In relatively healthy Finnish adults aged 34–49, followed for 7–9 years, a simple combination of conventional demographic, lifestyle and anthropometric variables predicted a broad composite of incident non-communicable disease better than any single tested epigenetic clock model.

It also shows that the apparent predictive effects of GrimAge, PCPhenoAge and DunedinPACE were substantially attenuated by BMI and waist-to-hip ratio.

What it does not establish

It does not show that:

  • epigenetic clocks are not measures of biological ageing;
  • clocks cannot predict mortality or particular diseases;
  • clocks are useless in older adults;
  • clocks cannot monitor responses to interventions;
  • clocks add exactly zero information;
  • methylation biomarkers could not outperform conventional factors if trained specifically for the relevant disease and population.

Overall appraisal

This is a valuable negative or sobering result, with a well-chosen translational question. Its main message is credible:

Association with disease is not enough to justify a costly biomarker when cheap measurements already capture the same information.
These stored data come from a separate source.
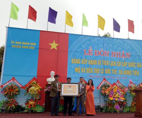 Nằm cạnh con đê Tả Lam, soi bóng xuống Bàu Sen thơ mộng Di tích lịch sử quốc gia Mộ và Đền thờ ngài Lê Đức Tuy như một bức tranh thơ mộng, vừa uy nghiêm, cổ kính. Đền thờ được xây dựng vào đầu thế kỷ XVI để thờ vị quan Vinh Phúc bá Lê Đức Tuy. Người có công lớn dưới triều đại nhà Lê, làm quan quản lãnh trấn giữ vùng Anh Đô Nghệ An, Ngài là một vị quan hết lòng vì dân vì nước, được Vua Lê Thánh Tông phong sắc "Dực bảo trung hưng, linh phù tôn thần".
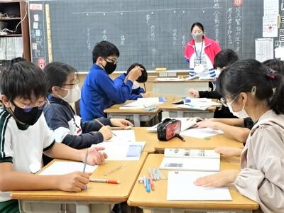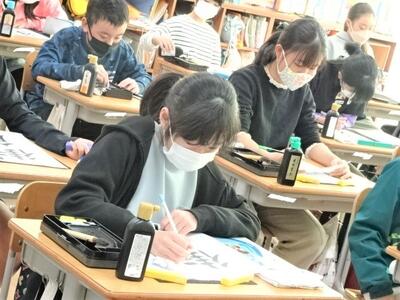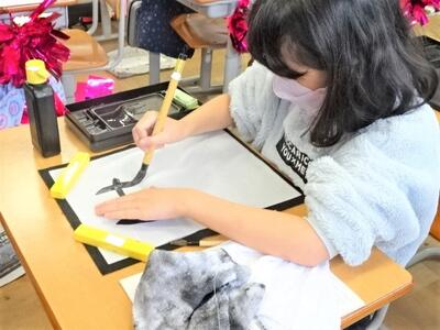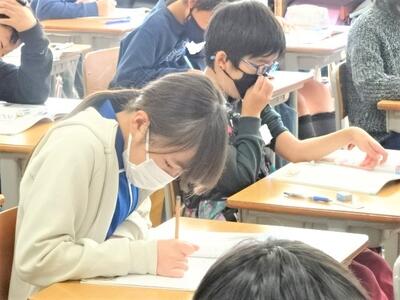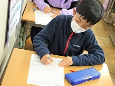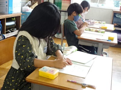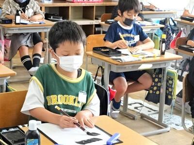 【4年生】1枚目の写真は、書写の時間の様子です。姿勢良く、筆をたてながらしっかりと書いている様子が印象的です。今日は、ひらがな「はす」に挑戦しました。ひらがなは、バランスをとったり、「結び」の部分を書いたりと、漢字よりも難しいものです。子どもたちは、集中して取り組んでいました。
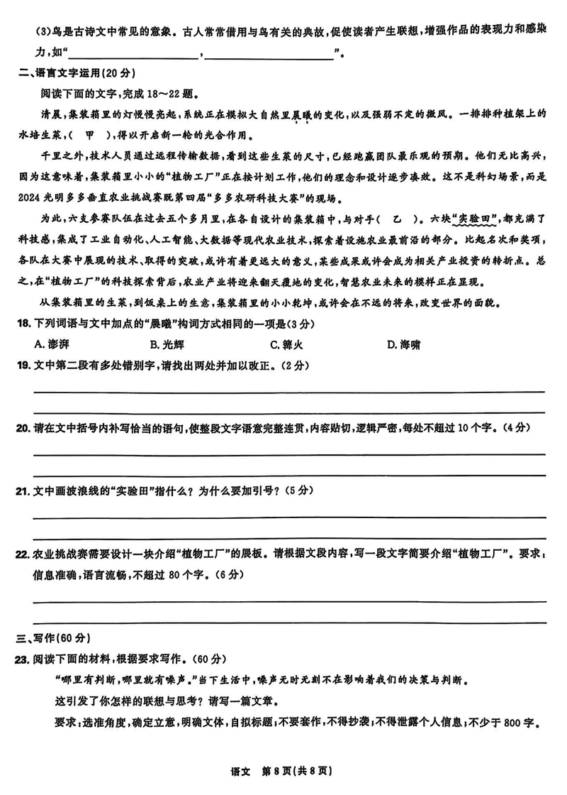 东北三省精准教学联考2025届高三3月联考语文试题及答案
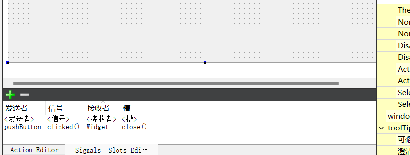 6.窗口的下方为信号和动作列表,可以查看动作和信号和槽列表
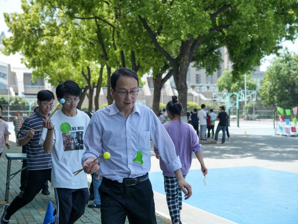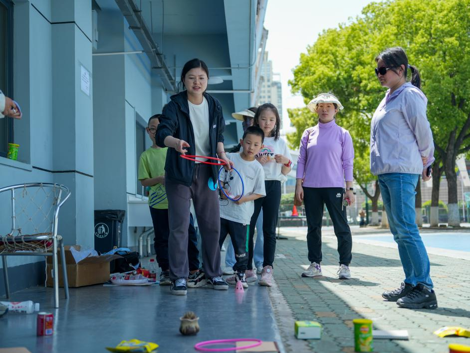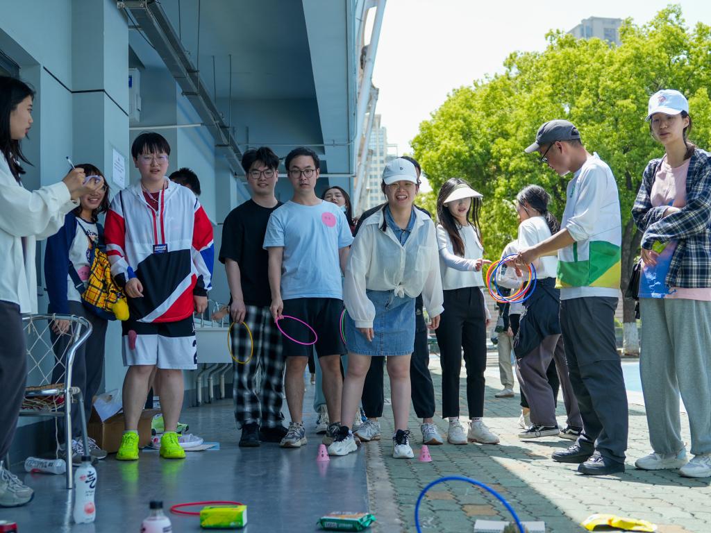 趣味游戏进入尾声,师生们来到套圈场地,瞄准目标,手起圈落,套到心仪的奖品。

However, the evidence is best regarded as cohort- and endpoint-specific. The heterogeneous composite outcome, limited sample size, narrow age range, modest discrimination, absence of detailed incremental-prediction and validation analyses, and lack of disease-specific outcomes prevent a broad verdict against epigenetic clocks.

The paper is strongest as a critique of consumer-facing claims that a single epigenetic-age number provides clinically superior personal risk information. It is weaker as a critique of epigenetic clocks as mechanistic or intervention-response biomarkers.